The final output is a 1024-dimensional fused feature vector that captures information from both the visual and textual modalities. For instance fused feature vector is: [0.1, 0.3, ..., 0.2].
2. Compute Similarity with Class Weights:
The model has a cosine classifier, where the class weights were initialized using CLIP's semantic understanding of the classes.

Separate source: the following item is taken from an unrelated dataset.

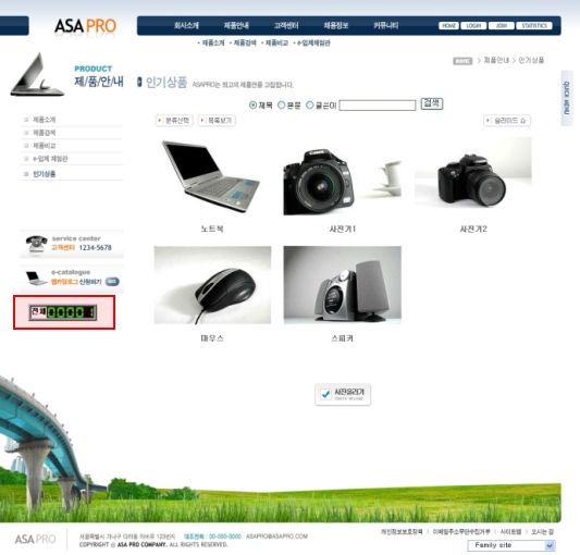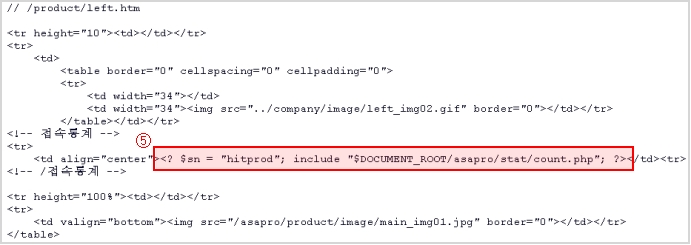④의 삽입코드를 복사하여 삽입하고자 하는 페이지에 붙여 넣기 합니다. 예를 들어 게시판 페이지에 추가하고자 할 경우 /product/left.htm 파일에 ⑤와 같이 붙여 넣기를 하면 게시판 페이지의 방문자 수를 확인할 수 있는 접속통계가 삽입된 것입니다.

For a binary humor classification task with classes "No Humor" and "Humor", the normalized class weight vectors might be:
No Humor: [0.3, 0.2, ..., 0.1]
Humor: [0.4, 0.5, ..., 0.3]
The cosine similarity between the fused feature vector and each class weight vector is computed:
Similarity with "No Humor" class: 0.3
Similarity with "Humor" class: 0.7
3. Apply Temperature Scaling:
The computed similarities are scaled by a temperature factor (e.g., 30) to sharpen the probability distribution:
No Humor logit: 0.3 * 30 = 9.0
Humor logit: 0.7 * 30 = 21.0
After applying the temperature scaling, the next step in the classification flow would be to use the scaled logits for the cross-entropy loss calculation:
4. Use Logits for Cross-Entropy Loss:
The scaled logits, representing the unnormalized log-probabilities for each class, are passed directly to the cross-entropy loss function, which computes the loss based on the ground truth labels.
Loss = cross_entropy(logits, labels)
The cross-entropy loss will handle the conversion of the logits to class probabilities internally, without the need to apply the softmax function explicitly.
This allows the model to optimize the classification task directly on the scaled logits, which have been sharpened by the temperature scaling to produce more confident predictions.
The MemeSense model contains a total of 3,675,136 parameters. The model was trained separately on each task: hate speech detection, target identification, stance classification, and humor recognition.
The dataset was split into training and validation sets:
- Training set: 4,666 images
- Validation set: 397 images
The model was trained using Cross Entropy Loss with mean reduction, defined as:
Loss = -log(P(correct_class))
- Total epochs: 10
- Batch size: 16
- Learning rate: 1e-4
- Weight decay: 1e-4
The model's performance was evaluated using the following metrics:
- Accuracy: The percentage of correctly classified samples.
- Area Under the Receiver Operating Characteristic curve (AUC): Measures the ability of the model to distinguish between classes. A higher AUC indicates better performance.
- F1 Score (macro-averaged): The harmonic mean of precision and recall, providing a balanced measure of the model's performance. The macro-average computes the metric independently for each class and then takes the average, treating all classes equally.
The following table summarizes the performance of the MemeSense model on different tasks:
Task | Accuracy | AUC | F1 Score |
---|---|---|---|
Hate Speech Detection | 76.06% | 84.52% | 75.09% |
Target Identification | 66.12% | 81.66% | 58.65% |
Stance Classification | 62.00% | 80.11% | 57.98% |
Humor Recognition | 80.27% | 85.59% | 77.21% |